Dacomitinib is an irreversible, oral small-molecule inhibitor of not only EGFR but also the entire ErbB family, including ErbB2, ErbB3, and ErbB4 of tyrosine kinases(1). Both dacomitinib and afatinib share the same ErbB family inhibitory activity and are classified as second-generation EGFR-TKIs (tyrosine kinase inhibitors). Afatinib was approved by the FDA in 2013, prior to dacomitinib, which was approved later in 2018. In the meantime, osimertinib, a third-generation EGFR-TKI, was approved in 2015(2). Consequently, the position of dacomitinib in EGFR-TKI treatment is currently unclear due to the differences in approval timing(3).

Recently, it has been reported that the efficacy of EGFR-TKI is predicted, not by which exon of the EGFR gene is mutated, but by the structural change in the EGFR protein due to the mutation(4). In this case report, dacomitinib was remarkably effective against afatinib-refractory carcinomatous meningitis in a patient with a long history of treatment with anticancer drugs, including EGFR-TKIs, as long as 13 years, in which combined mutations of EGFR ex.19 deletion and G724S were detected by next generation sequencing (NGS) analysis of circulating tumor DNA during afatinib resistance. The EGFR-TKI choice was effective based on the EGFR structure-based prediction of EGFR-TKI efficacy.

A 65-year-old woman received chemotherapy and radiotherapy for advanced stage lung adenocarcinoma for more than 12 years. The patient had a smoking history of 20 pack-years. The clinical course is shown in Fig. 1A and B. At the age of 53, she was diagnosed with lung adenocarcinoma (cT2N0M0) and underwent a right middle lobectomy, but pleural dissemination was detected intraoperatively. The patient received adjuvant chemotherapy with cisplatin (40 mg/m² on day 1 and 8 every 4weeks) and vinorelbine (25 mg/m² on day 1 and 8 every 4weeks) for four cycles. The EGFR ex.19 deletion mutation was detected by the PNA-LNA PCR clamp method in the surgically resected specimen. Gefitinib (250 mg/day) was started as first line chemotherapy and effective for about 7 years. Thereafter, other regimens followed (Fig. 1A-C).

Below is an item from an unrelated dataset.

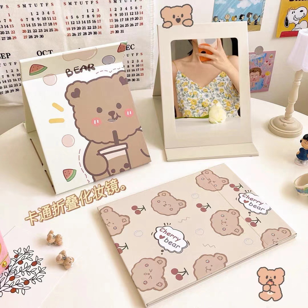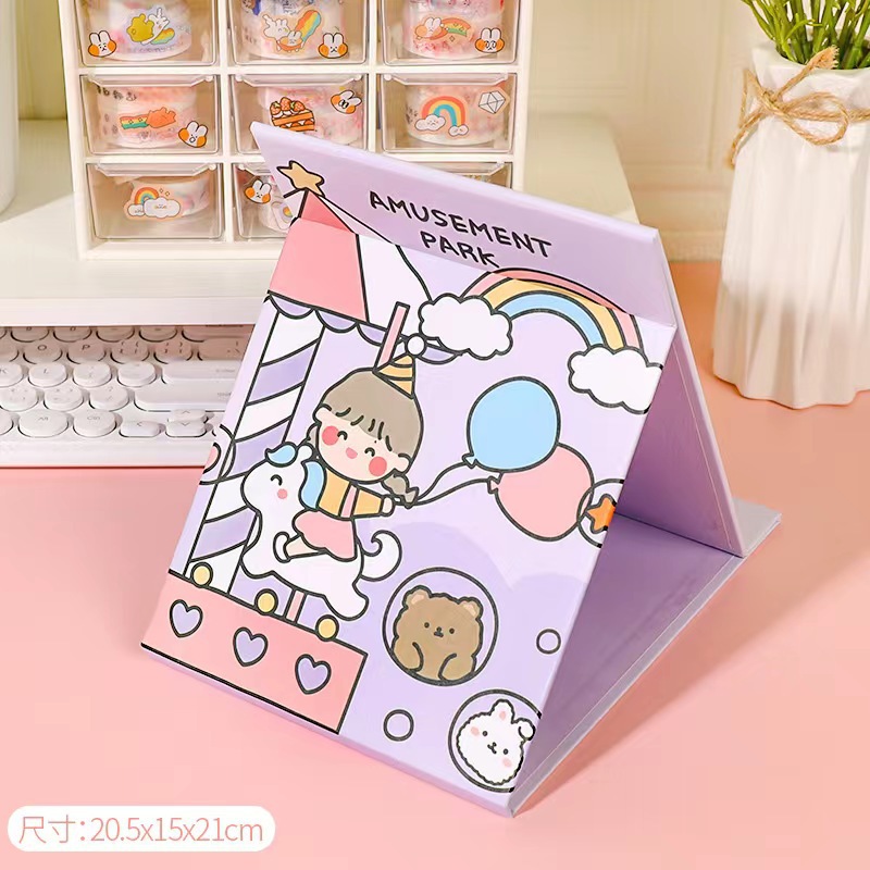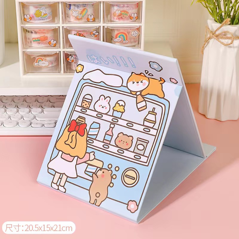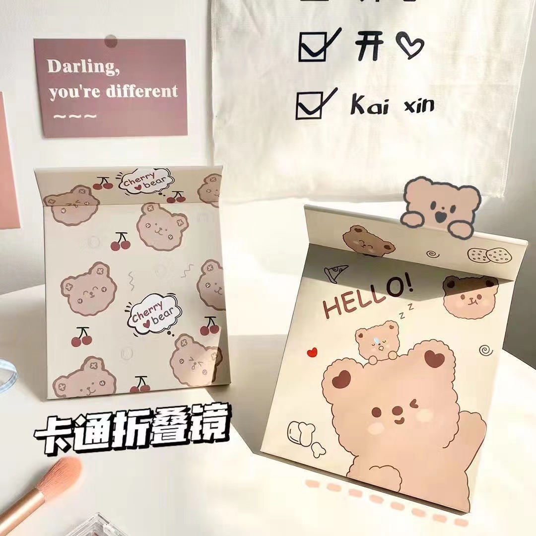 可爱小镜子女学生宿舍桌面可立大号折叠化妆镜便携台式家用梳妆镜
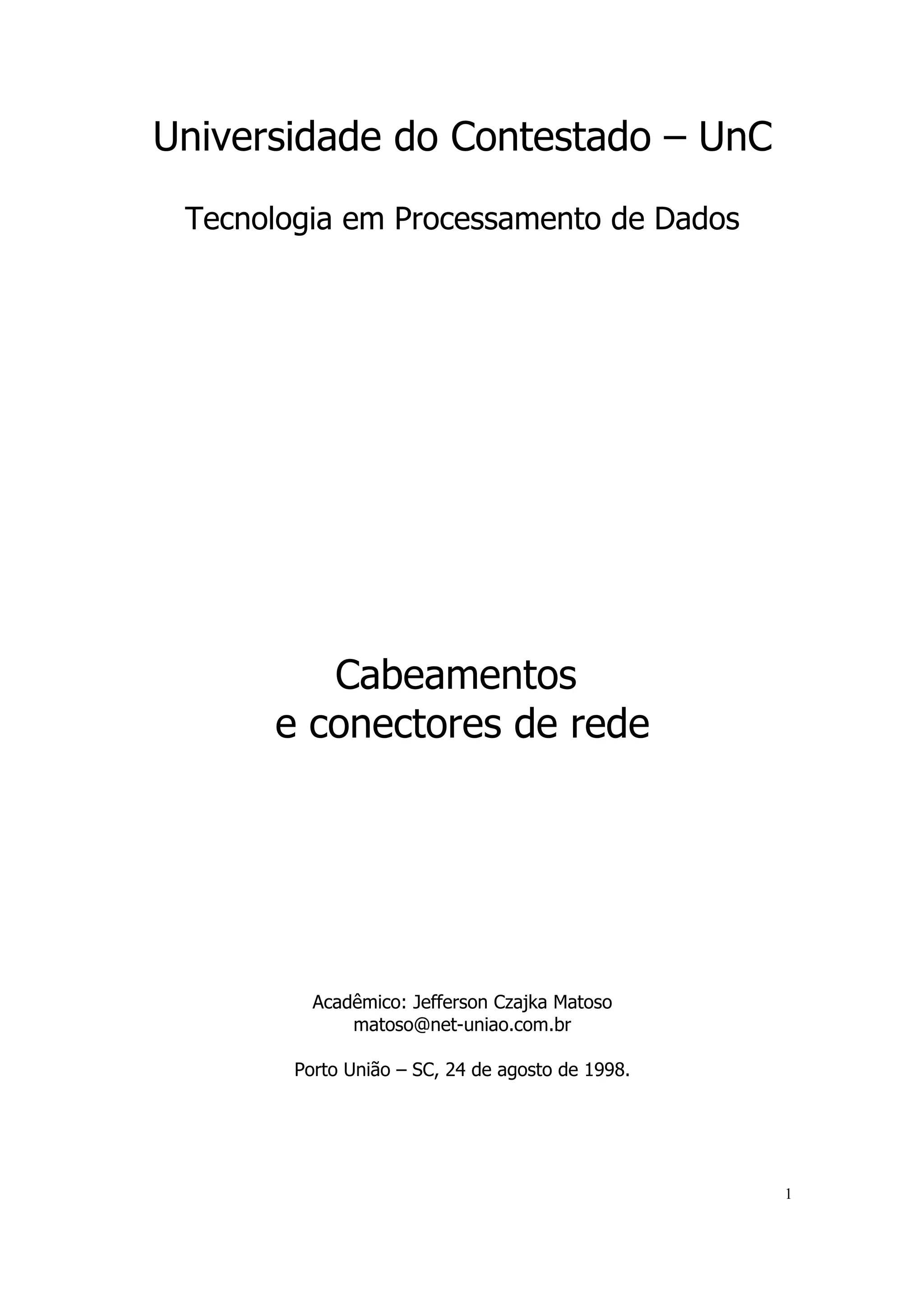 1) O documento discute os tipos de cabeamento para redes, incluindo cabo coaxial, par trançado e fibra óptica.

NGS analysis of circulating tumor DNA was performed by Foundation One® liquid during the course of 12th line afatinib treatment, and EGFR ex.19 deletion (E746_S752 > V) (variant allele frequency(VAF): 1.5%), G724S (VAF: 2.0%) mutations, and TP53 R213* (VAF: 0.47%) mutation were detected. The structure-based prediction of EGFR-TKI efficacy in the combined mutation of EGFR ex.19 deletion and G724S suggested that dacomitinib may have higher anti-tumor efficacy than afatinib (Fig. 2). During the 13th erlotinib plus bevacizumab treatment, the patient complained of headache and dizziness, and enhanced magnetic resonance imaging (MRI) of the head showed signs of carcinomatous meningitis. A spinal fluid puncture also revealed adenocarcinoma cells. After the start of the 14th dacomitinib treatment, her symptoms immediately improved, and the head enhanced MRI showed that the cancerous meningitis had improved (Fig. 3).

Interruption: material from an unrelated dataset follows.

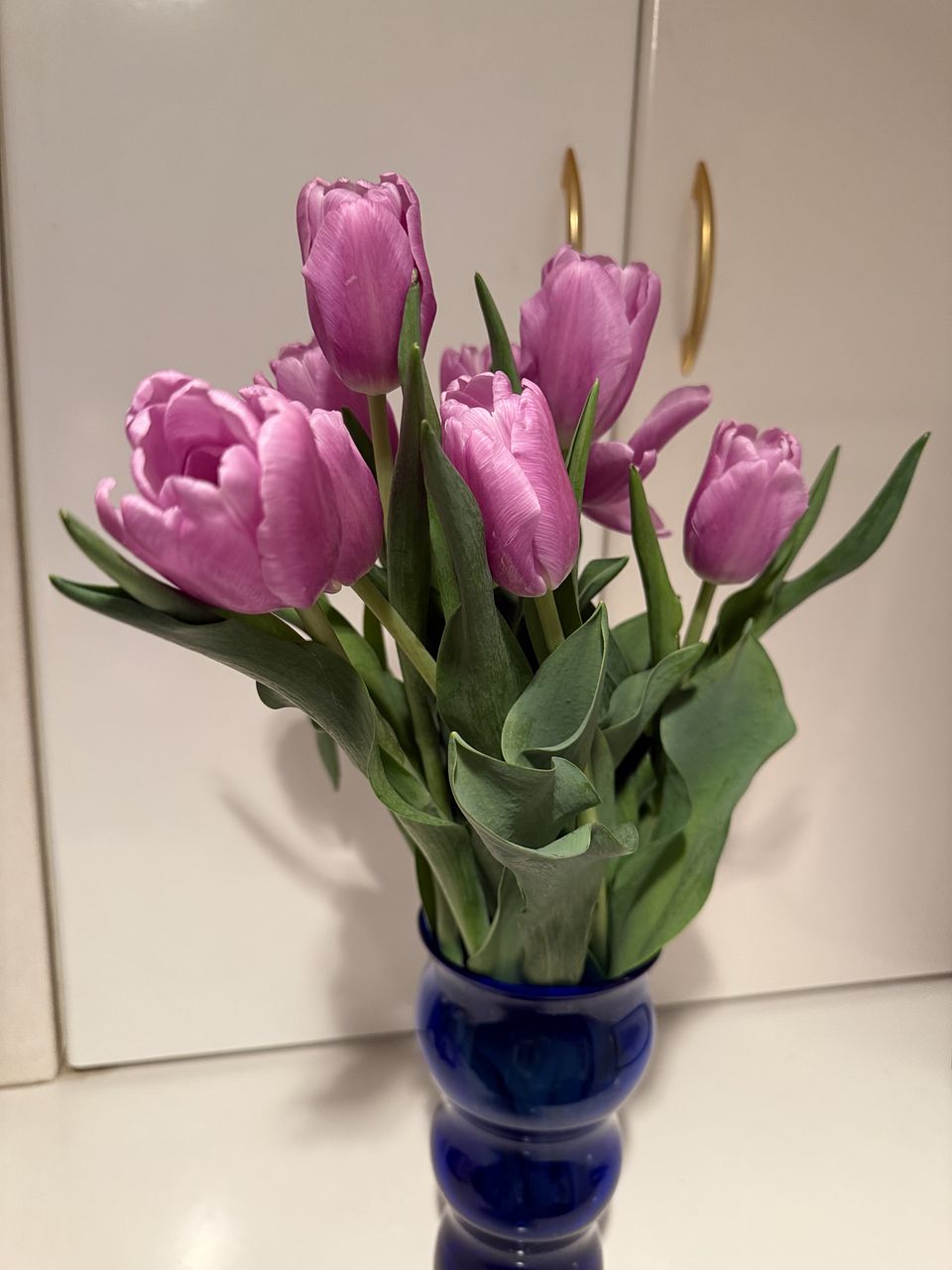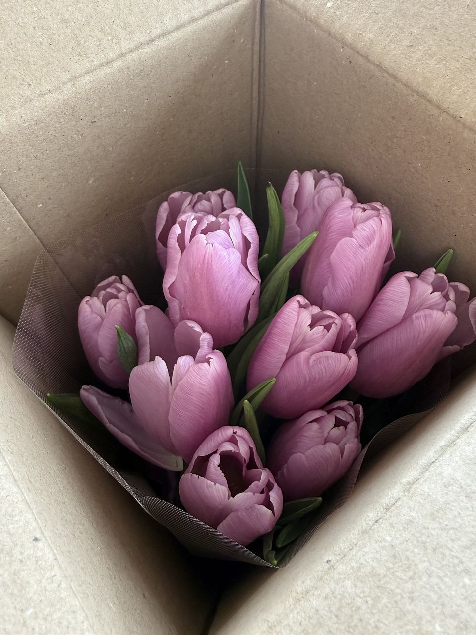 今朝お花届きました。きちんと箱に梱包されワクワクしながら開封しました。 チューリップのお花10本とても元気で すぐに下処理をし水揚げしてます。 少し紫🟣よりのカラーで茎も葉っぱもしっかりしてます。 次回はどんなお花にしようかと今から楽しみにしてます。 素敵なチューリップありがとうございました🌷

Structure-based classification of EGFR-TKI showed that dacomitinib had a higher antitumor effect than afatinib in lung adenocarcinoma, harboring the combined mutations of EGFR ex.19 deletion and G724S. Of the 18 EGFR-TKIs, including those under development, dacomitinib seems to have the highest antitumor effect, and there may have been no promising alternative to dacomitinib for afatinib-refractory lesions harboring the complex mutation. With a history of more than 12 years of treatment and no remaining promising options, NGS analysis and the structure-based prediction of EGFR-TKI led to the last promising treatment.

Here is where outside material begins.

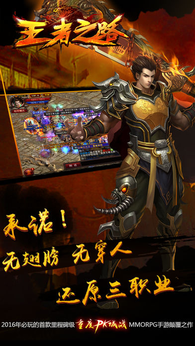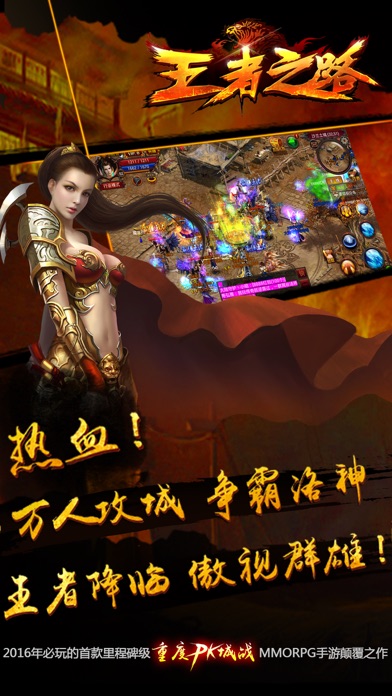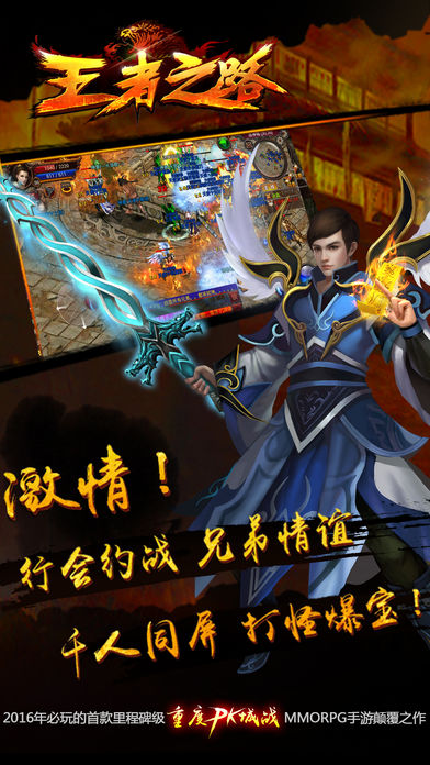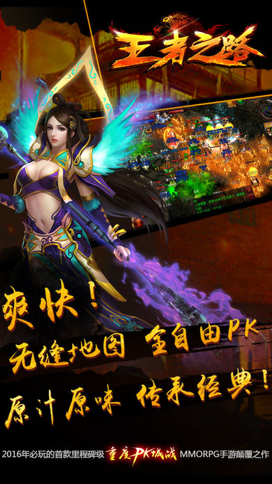 《王者之路》2016年最经典的PK+城战MMORPG手游。 拥有高度自由的游戏模式,精致细腻的游戏画质,完美重现无穿人PK,独创指向技能操作。不管是小规模行会战,还是激情澎湃的大规模万人攻城战,都淋漓尽致的还原和再塑了PK类端游的战斗乐趣,是曾经的热血玩家和PK类游戏爱好者不容错过的一款手游大作! 职业介绍: 战士:强壮勇猛,拥有坚韧潇洒凝重的气质,以防御和冲击能力为主。 法师:身单影薄,拥有远古掌握天地五行法师特有的气质,优秀的群体和远程攻击能力。 道士:神秘莫测,拥有掌握生命万物道法自然的神秘气质,以群体施毒为主,可召唤强大召唤兽帮助攻击。 核心特色: 1,经典! 纯正PK 1.76 王者回归 2,承诺! 无翅膀 无穿人 还原三职业! 3,热血! 万人攻城 争霸洛神 王者降临 傲视群雄! 4,激情! 行会约战 兄弟情谊 千人同屏 打怪爆宝! 5,爽快! 无缝地图 全自由PK 原汁原味 传承经典!

In a study examining the penetration rate of eight EGFR-TKIs (including dacomitinib, afatinib, and osimertinib) to the cerebrospinal fluid (CSF) in mice, dacomitinib showed a high penetration rate comparable to that of osimertinib(5). Since patients with brain metastases were excluded from the ARCHER1050 trial(1), the evaluation of the effect of dacomitinib on brain metastatic lesions is still unclear. However, in the present case, dacomitinib successfully overcame afatinib-refractory carcinomatous meningitis. Furthermore, the higher sensitivity of the structure of EGFR-combined mutations of the ex.19 deletion and G724S(4) suggested that dacomitinib may have an effect on afatinib-refractory lesions.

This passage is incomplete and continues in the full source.